EXERCISE DESCRIPTION >> Give the entries again exactly; drop the pictures.

INPUT MATERIAL >>
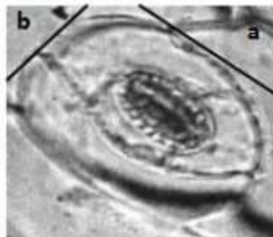
Gambar 2. Cara pengukuran panjang dan lebar sel stomata. (a) = panjang sel penjaga; (b) = lebar sel penjaga. (Measurement of length and width of stomata (a) length of guard cell (b) width guard cell)
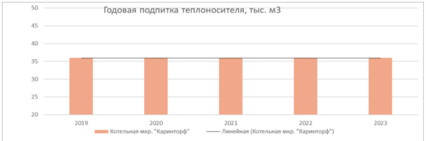
Рисунок 6.3. Фактическая подпитка по Котельной «Каринторф» за период 2019-2023 гг.
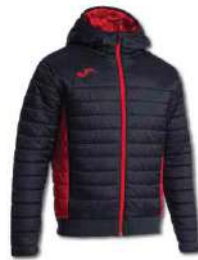
106 BLACK/ RED
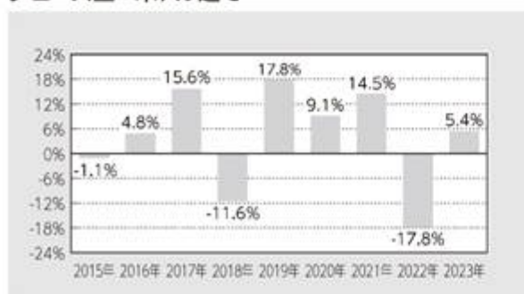
グロース型－米ドル建て
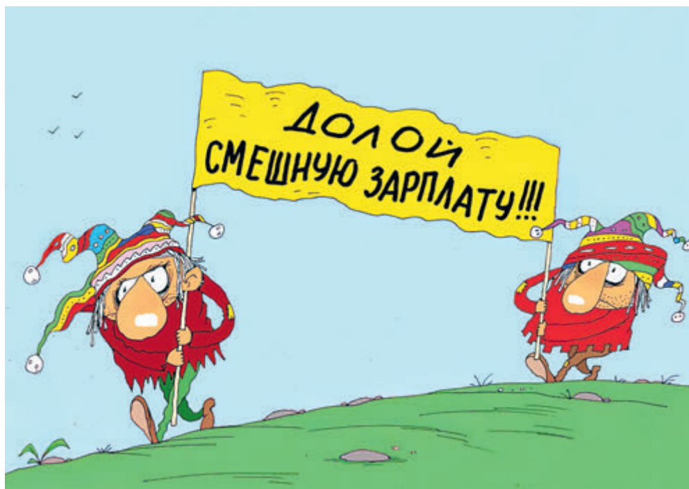
ИЛЛЮСТРАЦИЯ СЕРГИЯ САНДИНА

Учтем, что госслужащих в стране 2,4 млн человек, а в Минтруде уточнили, что нынешнее решение об индексации распространяется и на сотрудников, которые не имеют статуса госслужащих, в том числе на стенографистов, экспедиторов, кассиров и представителей других профессий. Таким образом государство борется с сокращением реальных доходов населения, комментируют эксперты.
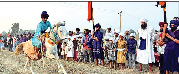
गुरुद्वारा साहिब नानकसर टाट गजरीला में हैरतअंगेज करतब दिखाते निहंग।
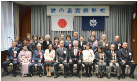
「愛の泉賞」受賞者の皆さん

令和三年二月二十二日、第三十二回岡山市愛の泉賞表彰式が市役所で行われ、大森市長より表彰状と記念品が
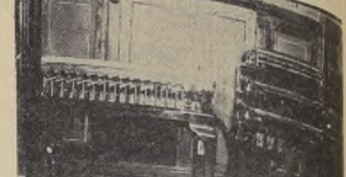
Las máquinas "clasificadoras" que en un día por tres mil personas se clasificarán, cuantas mujeres y cuantos hombres hay en Chile.
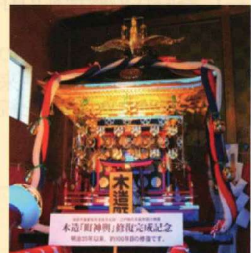
岐阜市重要有形民俗文化財指定
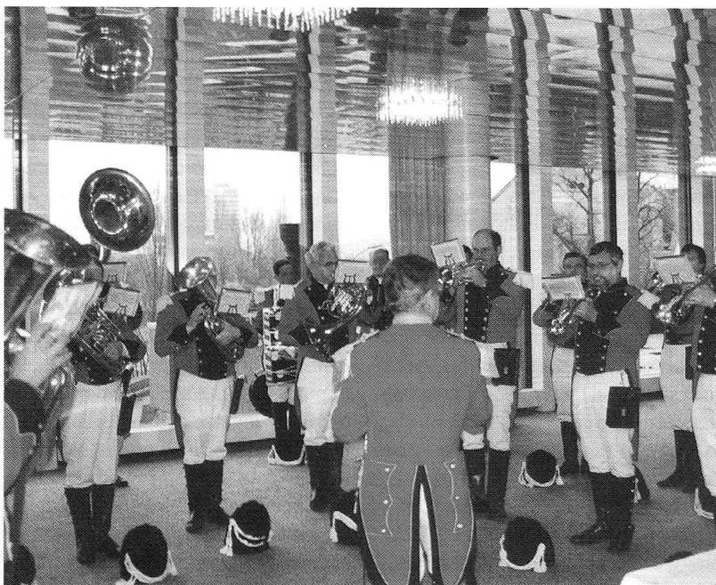
Die Grenadiermusik umrahmte den Jubiläumsakt.

RESPONSE >>
Gambar 2. Cara pengukuran panjang dan lebar sel stomata. (a) = panjang sel penjaga; (b) = lebar sel penjaga. (Measurement of length and width of stomata (a) length of guard cell (b) width guard cell)
Рисунок 6.3. Фактическая подпитка по Котельной «Каринторф» за период 2019-2023 гг.
106 BLACK/ RED
グロース型－米ドル建て
ИЛЛЮСТРАЦИЯ СЕРГИЯ САНДИНА

Учтем, что госслужащих в стране 2,4 млн человек, а в Минтруде уточнили, что нынешнее решение об индексации распространяется и на сотрудников, которые не имеют статуса госслужащих, в том числе на стенографистов, экспедиторов, кассиров и представителей других профессий. Таким образом государство борется с сокращением реальных доходов населения, комментируют эксперты.
गुरुद्वारा साहिब नानकसर टाट गजरीला में हैरतअंगेज करतब दिखाते निहंग।
「愛の泉賞」受賞者の皆さん

令和三年二月二十二日、第三十二回岡山市愛の泉賞表彰式が市役所で行われ、大森市長より表彰状と記念品が
Las máquinas "clasificadoras" que en un día por tres mil personas se clasificarán, cuantas mujeres y cuantos hombres hay en Chile.
岐阜市重要有形民俗文化財指定
Die Grenadiermusik umrahmte den Jubiläumsakt.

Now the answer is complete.